По команде первый ряд арабов — одни юноши, долгое время стремившиеся к конфронтации, — сели на землю. Сто молодых мужчин позади последовали их примеру. Затем первый ряд принялся хлопать в ладоши. И петь. Бенни не сразу разобрал слова, хотя он знал арабский язык не хуже любого палестинца:
Телевизионщики стояли сразу за полицейскими. Несколько репортеров изумленно рассмеялись, ощутив жестокую иронию происходящего. Одним из них был корреспондент компании Си-эн-эн Пит Фрэнкс, который выразил общее мнение возгласом: «Вот сукины дети!». В это мгновение Фрэнкс понял, что мир снова изменился. Он присутствовал в Москве на первом демократическом заседании Верховного Совета, в Манагуа — тем вечером, когда сандинисты проиграли выборы, в успехе которых не сомневались, и в Пекине наблюдал гибель богини Свободы. И вот теперь это? — подумал он. — Арабы наконец-то поумнели. Боже мой!
— Надеюсь, Мики, ты ведешь съемку?
— Они действительно поют то, что мне кажется?
— Чертовски похоже. Давай подойдем поближе.
Руководителем арабов был двадцатилетний студент-социолог по имени Хашими Мусса. Его рука была навсегда повреждена израильской дубинкой, а половина зубов выбита резиновой пулей стрелка, который был особенно зол в тот день. Его храбрость была вне сомнений, он сумел убедительно доказать это. Десяток раз он смотрел в лицо смерти, пока наконец не утвердилось его положение вожака, но теперь он заставил людей прислушиваться к его словам, и ему удалось осуществить мысль, которую он вынашивал на протяжении пяти бесконечных лет терпения. Понадобилось три дня, чтобы уговорить их, затем ему невероятно, сказочно повезло: один из еврейских друзей, испытывающий отвращение к тирадам религиозных консерваторов собственной страны, слишком громко упомянул о планах на этот день. Возможно, это судьба, подумал Хашими, или воля Аллаха, а может, просто везение. Как бы то ни было, наступил момент, ради которого он жил пять лет, после того как пятнадцатилетним юнцом узнал о Ганди и Кинге, о том, как они победили, проявив простую пассивную смелость. Нелегко было уговорить товарищей, ведь это значило подавить их почти генетическую склонность к войне, но он одержал верх. И теперь его идея должна выдержать испытание.

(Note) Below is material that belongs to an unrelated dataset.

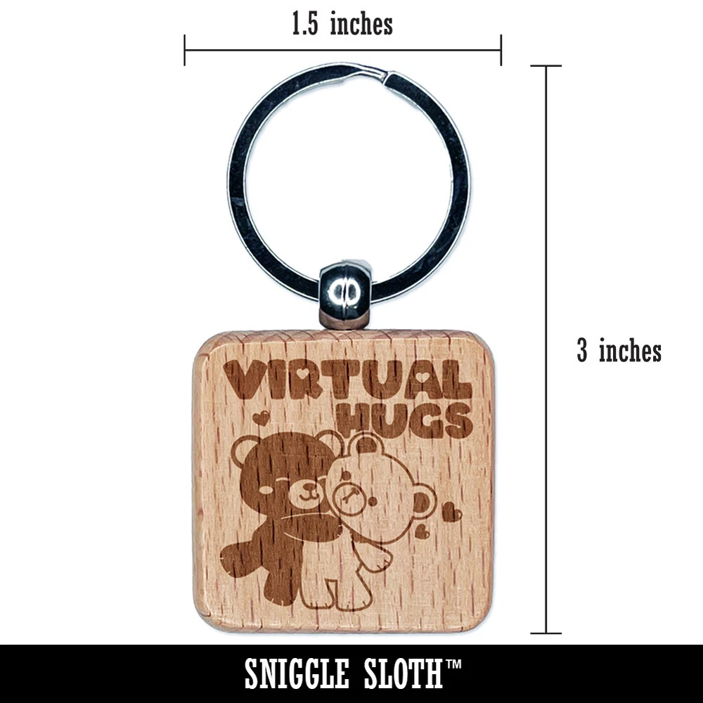 Virtual Bear Hugs Engraved Wood Square Keychain Tag Charm

Бенни Цадин увидел только одно — путь перекрыт. Раввин Кон сказал что-то раввину Голдмарку, но ни один из них не оглянулся в сторону полицейских — ведь повернуться назад означало признать поражение. Он никогда не узнает, были они потрясены видом сидящих арабов или испытали гнев. Капитан Цадин повернулся к своим полицейским.
— Газ! — скомандовал он.
Эта часть операции была спланирована заранее. Четверо, что сжимали в руках гранатометы со слезоточивым газом, были глубоко религиозными. Они опустили ружья и дали залп прямо в толпу. Гранаты со слезоточивым газом опасны, и было поразительно, что никто не пострадал. Через несколько секунд среди сидящих арабов появились облака серого дыма. Тут же, по команде, они надели защитные маски. В результате пение прекратилось, но хлопки и решимость остались прежними. Капитан Цадин пришел в ярость, когда восточный ветер подул в сторону его людей, унося облако газа от арабов. Затем руки в толстых перчатках схватили горячие гранаты и швырнули их обратно. Уже через минуту арабы сняли защитные маски, и теперь в их пении слышался смех.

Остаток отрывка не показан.